Asimismo, en su Sentencia de, la Sala Primera de lo Civil nº 156/2020, rec 2400/2017 de, 6 de marzo de 2020 estipula que, para poder aplicar la cláusula el contrato referido debe tener una duración igual o superior a un año, ser de tracto sucesivo o de ejecución diferida. De hecho, considera este Tribunal que en contratos con una duración inferior a un año difícilmente podría acaecer algo extraordinario e impredecible que genere una desproporción entre las pretensiones de las partes contratantes. Punto que consideramos discutible en una realidad como la generada por la crisis del COVID19.

Además de estos dos criterios, el Tribunal Supremo considera que para que la cláusula “rebus sic stantibus” pueda ser aplicada de forma efectiva, la situación alegada no puede contemplarse o calificarse como un riesgo habitual, normal o inherente o derivado del contrato. (Sentencia del TS (Civil) Sec 1ª, S 30-06-2014, rec 2250/2012).

Al analizar la actividad del Gobierno español, podemos ver que está tomando medidas particulares que parecen tender a la efectividad de la cláusula.
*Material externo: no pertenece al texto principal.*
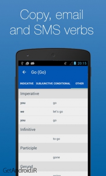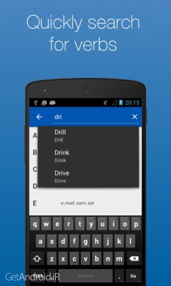 English Verb Conjugator Pro یک برنامه کامل برای کسانی است که قصد آموزش زبان انگلیسی را بطور کامل دارند. این نرم افزار تقریبا 2000 افعال انگلیسی را در 20 زمان مختلف برای شما صرف میکند. این اپلیکیشن دارای ناوبری بسیار ساده بوده و برای پیدا کردن کلمات میتوانید از بخش جستجوی آن اقدام کنید و در عرض کمتر از چند ثانیه فعل مورد نظر خود را بیابید. شما میتوانید کلمه و فعل مورد نظر را کپی کرده و توسط ایمیل و اس ام اس آنرا به دوستان خود ارسال کنید. این برنامه بسیار پرکاربرد می باشد و گت اندروید به افراد مبتدی دانلود آنرا پیشنهاد میکند. برنامه English Verb Conjugator Pro نیازی به اتصال به اینترنت نداشته و تمامی داده ها بصورت محلی ذخیره میشوند.

Ejemplo de ello es el Real Decreto Ley 11/2020 de 31 de marzo por el que se autoriza la suspensión de facturas de electricidad, gas natural y productos derivados del petróleo, de forma excepcional, durante la vigencia de la declaración del Estado de Alarma. 

Como conclusión ante esta difícil situación de crisis que las personas y las empresas estamos enfrentando, desde AIYON Abogados recomendamos evitar, en la medida de lo posible, discusiones y litigios ante una realidad que nos afecta a todos. Por ello, se aconseja mantener el equilibrio contractual y respetar los criterios de equidad y buena fe que siempre deben sustentar los acuerdos, evitando siempre que una de las partes se vea especialmente beneficiada y la otra especialmente dañada. Para ello aconsejamos promover acuerdos y negociaciones entre las partes afectadas de un contrato, que siempre podrán contar con el asesoramiento de nuestro equipo de abogados en aras de facilitar una resolución satisfactoria del conflicto.